C’est elle qui est chargée d’assurer la détection d’alertes, la réaction aux attaques informatiques,
notamment sur les réseaux de l’Etat. l’ANSSI a permis la sécurisation des systèmes d’information des
opérateurs d’importance vitale (OIV). Ces opérateurs publics, et privés, utilisent des installations jugées
indispensables pour la survie de la Nation, et sont donc tenus de mettre en place des mesures de sécurité
spécifiques afin de protéger leur Système d’Information d’Importance Vitale (SIIV). L’encadrement du
numérique par la France, passe aussi par le développement d’une plateforme d’authentification nationale,
France Connect. En effet, le privilège d’authentifier les personnes fait partie des monopoles régaliens
dont dispose initialement l'État. Mais ce privilège est aujourd’hui compromis avec la mise en place
d'identités numériques par les réseaux sociaux. France Connect représente ainsi une alternative pour
pallier la fourniture d’identité par le secteur privé.

Le pouvoir de la France pour lutter contre sa perte de souveraineté est toutefois limité. L’émergence d’une
coopération européenne dans ce domaine semble ainsi bénéfique.

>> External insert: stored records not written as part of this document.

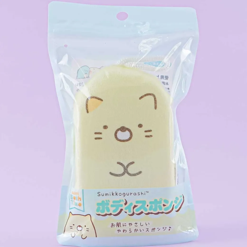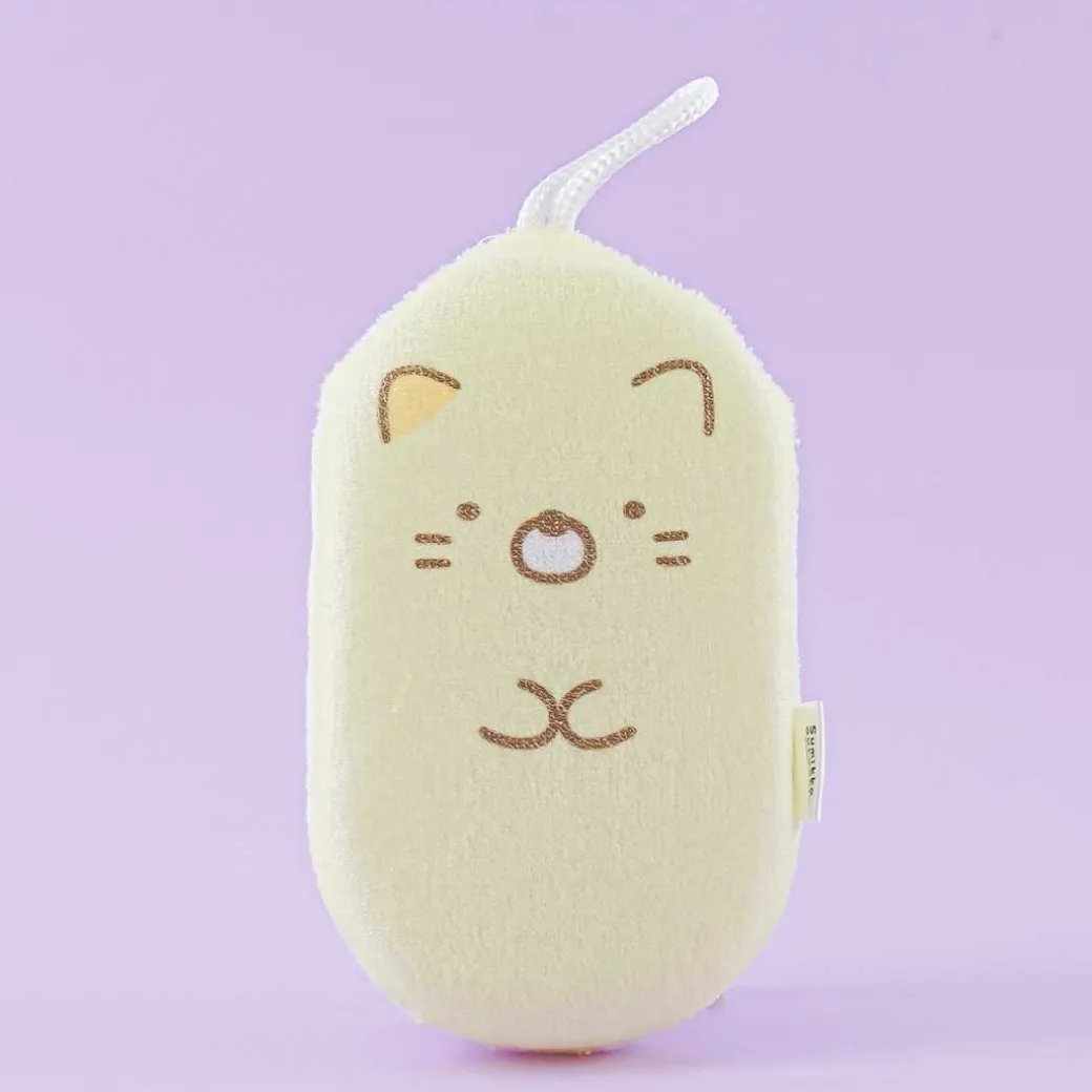 - A kawaii Sumikko Gurashi body sponge featuring Neko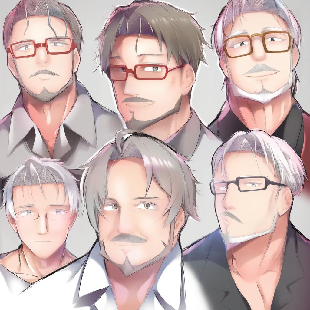 Arurandeisu, holostars, 1boy, mature male, beard, green eyes, grey eyes, glasses, red-framed eyewear, grey hair, short hair, white hair, collared shirt, virtual youtuber, virtual youtuber, goatee, by artist shishi juuroku, leet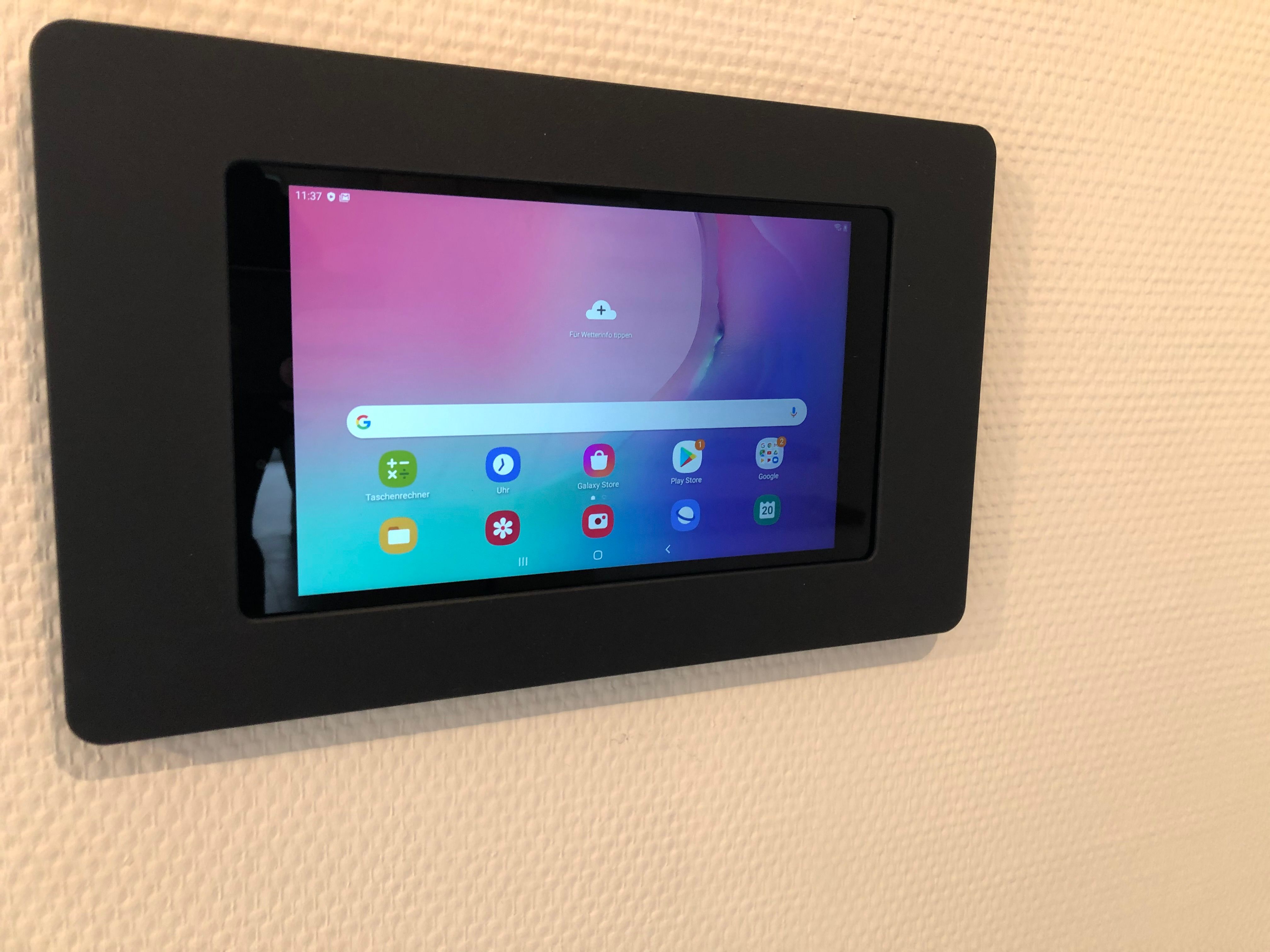 Low profile on-wall Galaxy Tab A 8.0 (2019) enclosure with removable face plate / cover for fast, easy tablet access!

B/ Les défis à l’échelle européenne

l’Europe est d’autant plus préoccupée par cet hégémonie du cyberespace qu’elle subit l’hégémonie
américaine sur ses datas. En effet “Amazon Web Services (AWS), Microsoft (Azure), Google (Drive) et
Apple (iCloud) détiennent à eux seuls plus de 70 % du marché des services d’hébergement massif de
données, stockées en général aux Etats-Unis”. Pour pallier cette dépendance, l’Europe à récemment
engagé le projet d’un « cloud souverain » européen. Le projet GAIA-X a été lancé en 2019 afin de
contribuer à la mise en œuvre d’un système de données fiable et sécurisé. Le projet peine toutefois à
avancer aujourd’hui et il est bloqué au stade de concept. De nombreuses autres initiatives ont également
été mises en place. Parmi elles, l’adoption du Cybersecurity act en 2019. Ce règlement marque une
véritable avancée pour l’autonomie européens et il poursuit un double objectif, l’adoption du mandat
permanent de l’ENISA, l’Agence européenne pour la cybersécurité, et la définition d’un cadre européen
de certification de cybersécurité, essentiel pour renforcer la sécurité du marché unique numérique
européen. La transposition de la directive NIS en France a également permis de renforcer la coopération
entre Etats membres via un groupe de coopération mais aussi par une réseau européen de CSIRT .
L'Europe est donc désormais plus vigilante face au marchandage des données des citoyens. En outre, elle
bénéficie d’un grand atout : les européens constituent le premier marché économique pour le numérique.